Cabinet Minister, Government of Delhi
- Incumbent
- Assumed office 20 February 2025
- Lieutenant Governor: Vinai Kumar Saxena
- Chief Minister: Rekha Gupta
- Ministry and Departments: List Law & Justice; Labour; Employment; Development; Art & Culture; Language; Tourism; ;
- Preceded by: Gopal Rai

Member of Delhi Legislative Assembly
- Incumbent
- Assumed office 8 February 2025
- Preceded by: Mohan Singh Bisht
- Constituency: Karawal Nagar

Vice President, Bharatiya Janata Party, Delhi
- In office 5 August 2023 – Present
- National President: Jagat Prakash Nadda
- President: Virendra Sachdeva

Cabinet Minister, Government of Delhi
- In office 2015–2017
- Governor: Najeeb Jung
- Ministry: Water Resource Management
- Chief Minister: Arvind Kejriwal

Member of Delhi Legislative Assembly
- In office 14 February 2015 – 2 August 2019
- Preceded by: Mohan Singh Bisht
- Succeeded by: Mohan Singh Bisht
- Constituency: Karawal Nagar

Personal details
- Born: 13 November 1980 (age 45) Delhi, India
- Party: Bharatiya Janata Party (2019–present)
- Other political affiliations: Aam Aadmi Party (2013–2017)
- Spouse: Pretty Mishra
- Children: 2
- Established: Youth For Justice

= Kapil Mishra =

Indian politician (born 1980)

Kapil Mishra (born 13 November 1980) is an Indian politician and Cabinet Minister, Government of Delhi. Before joining the Bharatiya Janata Party (BJP) in 2019, Mishra was an Aam Aadmi Party (AAP) MLA representing Karawal Nagar in the Sixth Legislative Assembly of Delhi. He is also vice president of the Delhi BJP.

He served as the Water Resources Minister in the AAP-led government in Delhi under Arvind Kejriwal. He was later removed from the cabinet amid allegations of irregularities in his ministry's work. Subsequently, he accused Kejriwal and former Health Minister Satyendar Jain of corruption, claiming a bribe of ₹2 crore had been exchanged. He approached the Anti-Corruption Bureau of Delhi with these allegations but could not substantiate them. Later, the Lokayukta dismissed Kejriwal’s name from the case due to a lack of evidence.

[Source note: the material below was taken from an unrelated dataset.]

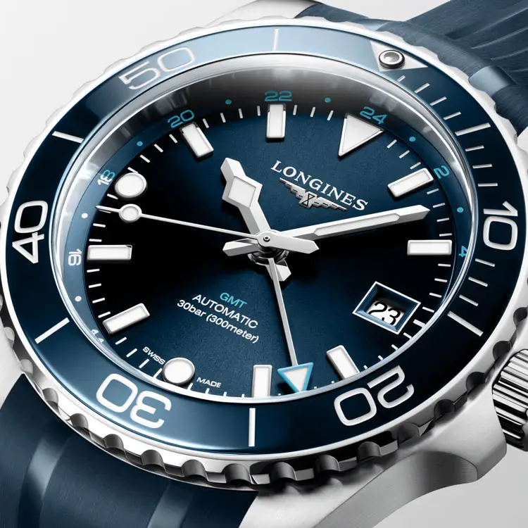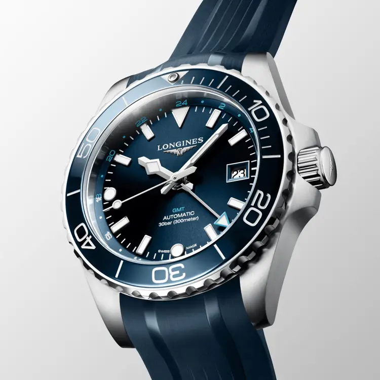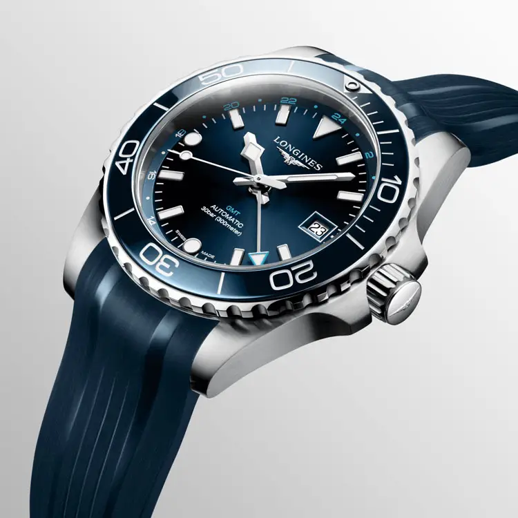 凭借 30 ATM(300 米)防水性能,该腕表完全适用于潜水及水上运动。蓝色橡胶表带 配备 折叠扣,佩戴舒适又安全。Longines HydroConquest GMT L3.790.4.96.9 是追求 强大性能与优雅外观结合 的男士的理想之选。

Mishra later alleged more instances of corruption in the AAP government under Arvind Kejriwal. Being a member and MLA of AAP, he was supporting, sharing stage events for the BJP and was also campaigning against his own party in the 2019 Indian general election. These events and instances of anti-party activities were brought to the notice of the Speaker Ram Niwas Goel of Delhi Legislative Assembly and Mishra was disqualified as an MLA on grounds of defection and anti-party activities.

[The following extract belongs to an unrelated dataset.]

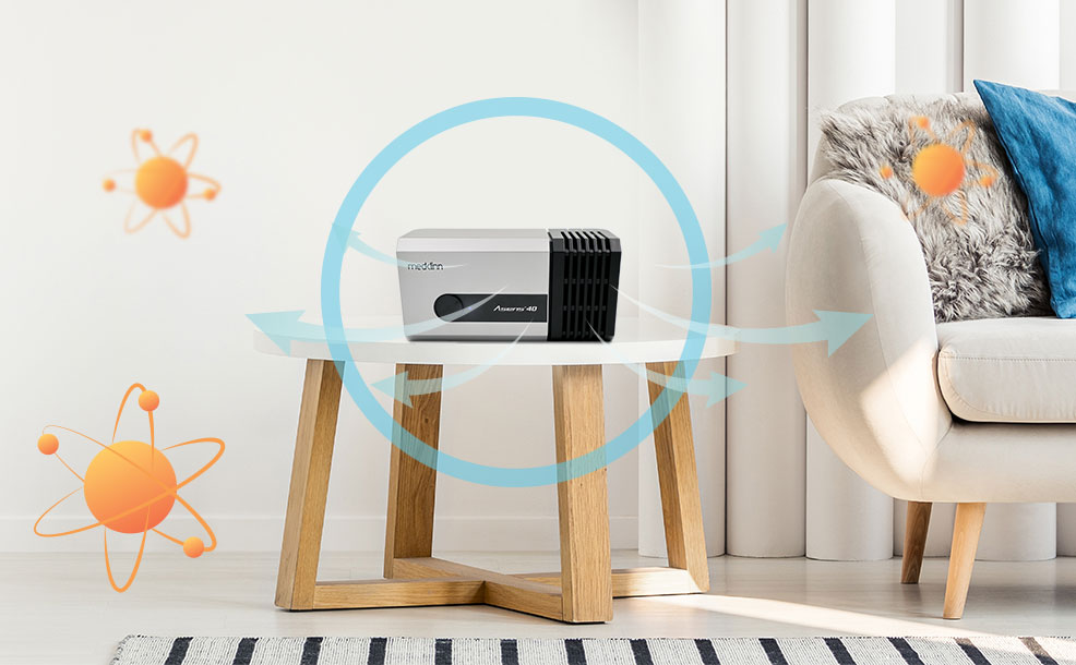 Medklinn透过使用活氧填满您的生活空间而有效地帮您杀菌消毒。当所有门窗全天关闭时,它的性能最佳,以保留活氧于室内并防止外来污染物的入侵。

Mishra won as MLA in 2025 Assembly elections from Karawal Nagar constituency.

==Activism==
As co-founder and coordinator of "Youth for Justice", a New Delhi based youth action group that works on spontaneous issues that need cognizance, he has led the youth protest on various socio-economic issues including Jessica Lal murder trial, issues of Farmers suicides in various parts of country, encroachment on the Yamuna River bed and various other issues.

He protested against the cases of corruption in Commonwealth Games 2010 held in New Delhi and has written a pamphlet "It's Common v/s Wealth" highlighting the various scams and social and environmental concerns related with CWG 2010. Since 2007, He raised his voice against the anti-people development approach that is being practiced by authorities in the name of Commonwealth Games in New Delhi.

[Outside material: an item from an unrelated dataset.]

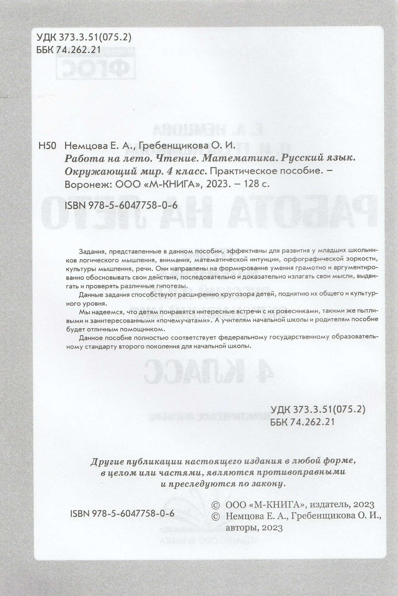 Чтение. Математика. Русский язык. Окружающий мир. 4 класс. Работа на лето. ФГОС (Немцова Екатерина Алексеевна; Гребенщикова Ольга Ивановна); М-Книга, 2023

He raised his voice inside Delhi Assembly against exploitation of Yamuna in the name of Commonwealth Games and got detained for the action. He has initiated and participated in several protests against exploitation of common people and common resources in the name of "Growth and Development".

He has also prepared a report as citizen journalist for CNN-IBN on encroachment on river Yamuna and also has exposed the issues of violation of labor laws at Games sites by camping outside Games village along with other members of "Youth for Justice".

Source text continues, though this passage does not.